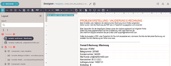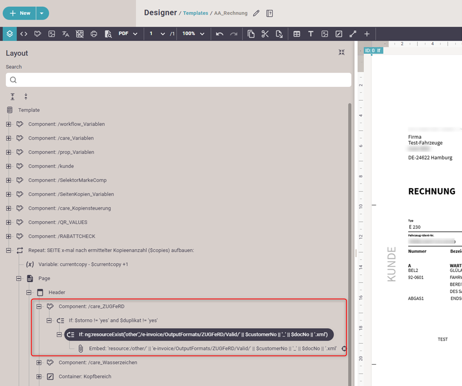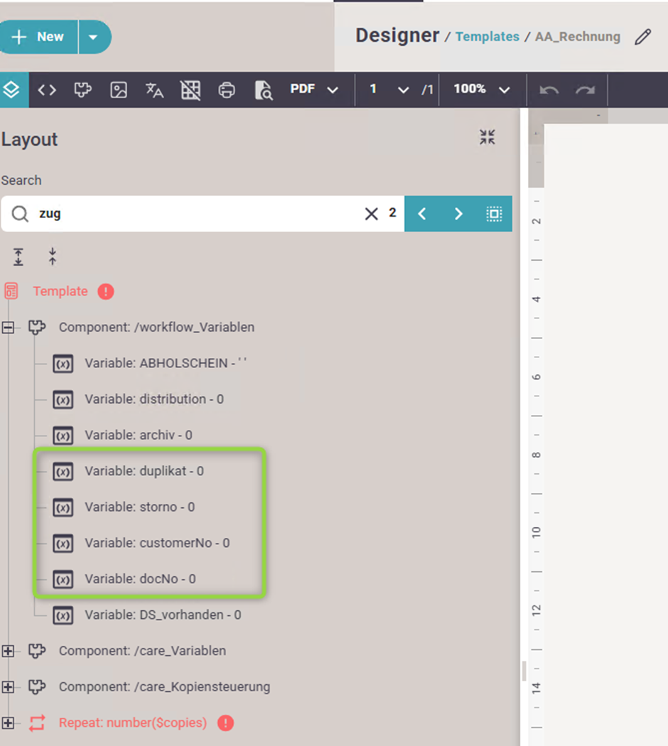Template Components | Workflow_Variablen | Die Variablen customerNo und docNo müssen vorhanden sein (z. B. bei Kostenvoranschlägen), da sonst die Einbettung der ZUGFeRD-XML fehlschlägt. | |
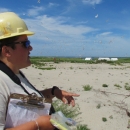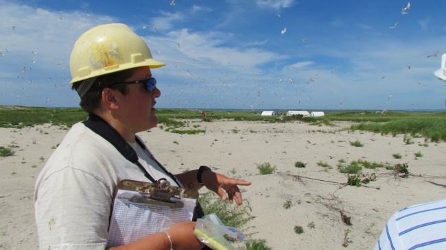 Thousands of terns fly over Monomoy NWR as Refuge Biologist, Kate Iaquinto, interprets the landscape by the Monomoy base camp on South Monomoy Island.
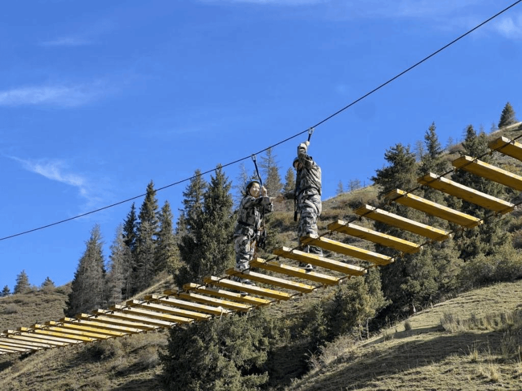 高空挑战项目包括“飞夺泸定桥”“断桥挑战”和“高空攀岩”,这三个项目由主办方随机安排,充满了惊喜与挑战。在“飞夺泸定桥”中, 同学们勇敢登上高空,踏上空心踏板。对于很多人来说,这是首次尝试如此刺激的挑战,起初心中满是恐惧。但在队友们的鼓励声中,大家慢慢放松,勇敢地在踏板上前行。走到中间再折返回来的过程中,同学们一边体验着高空的刺激,一边逐渐适应,甚至在空中兴奋地拍照留念。“断桥挑战”同样充满刺激与挑战。同学们需先沿着旁边的梯子勇敢攀爬而上,到达高处后,面对断开的桥面,尽管心中难免紧张,然而在教练的专业指导下,还是鼓起勇气奋力一跃,成功跨过断桥。而后,双腿撑在断桥两边,在确保安全的情况下,顺着绳索缓缓滑下,而这根绳索由全体队友们紧紧拉着,给予挑战者满满的安全感。
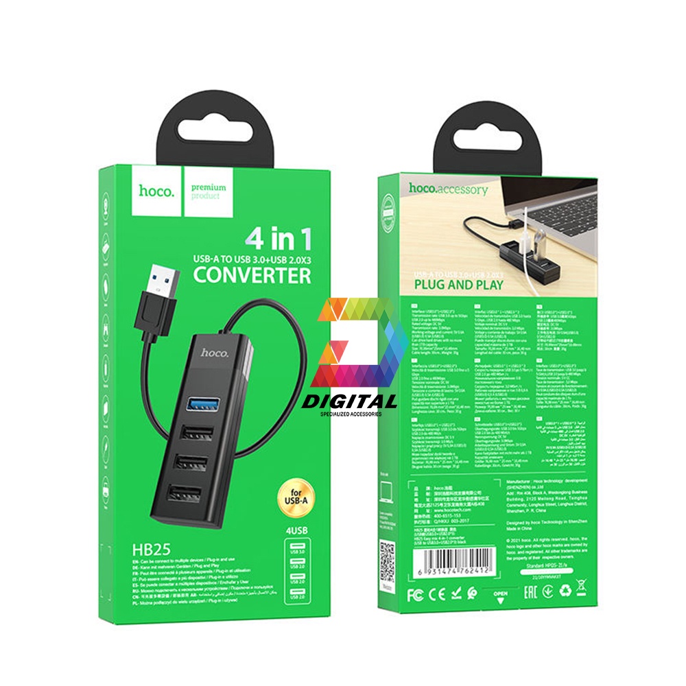 - Bộ Hub 4 cổng USB Hoco HB25 là thiết bị sở hữu một thiết kế thông minh giúp bạn dễ dàng truyền dữ liệu từ laptop qua nhiều USB cùng 1 lúc rất nhanh chóng.

▶ _Exercise goal_:
Extract exactly the lines above from the line containing "Thousands of terns" through the last one, both ends included, but not the pictures.

▶ _Completed task_:
 Thousands of terns fly over Monomoy NWR as Refuge Biologist, Kate Iaquinto, interprets the landscape by the Monomoy base camp on South Monomoy Island.
 高空挑战项目包括“飞夺泸定桥”“断桥挑战”和“高空攀岩”,这三个项目由主办方随机安排,充满了惊喜与挑战。在“飞夺泸定桥”中, 同学们勇敢登上高空,踏上空心踏板。对于很多人来说,这是首次尝试如此刺激的挑战,起初心中满是恐惧。但在队友们的鼓励声中,大家慢慢放松,勇敢地在踏板上前行。走到中间再折返回来的过程中,同学们一边体验着高空的刺激,一边逐渐适应,甚至在空中兴奋地拍照留念。“断桥挑战”同样充满刺激与挑战。同学们需先沿着旁边的梯子勇敢攀爬而上,到达高处后,面对断开的桥面,尽管心中难免紧张,然而在教练的专业指导下,还是鼓起勇气奋力一跃,成功跨过断桥。而后,双腿撑在断桥两边,在确保安全的情况下,顺着绳索缓缓滑下,而这根绳索由全体队友们紧紧拉着,给予挑战者满满的安全感。
 - Bộ Hub 4 cổng USB Hoco HB25 là thiết bị sở hữu một thiết kế thông minh giúp bạn dễ dàng truyền dữ liệu từ laptop qua nhiều USB cùng 1 lúc rất nhanh chóng.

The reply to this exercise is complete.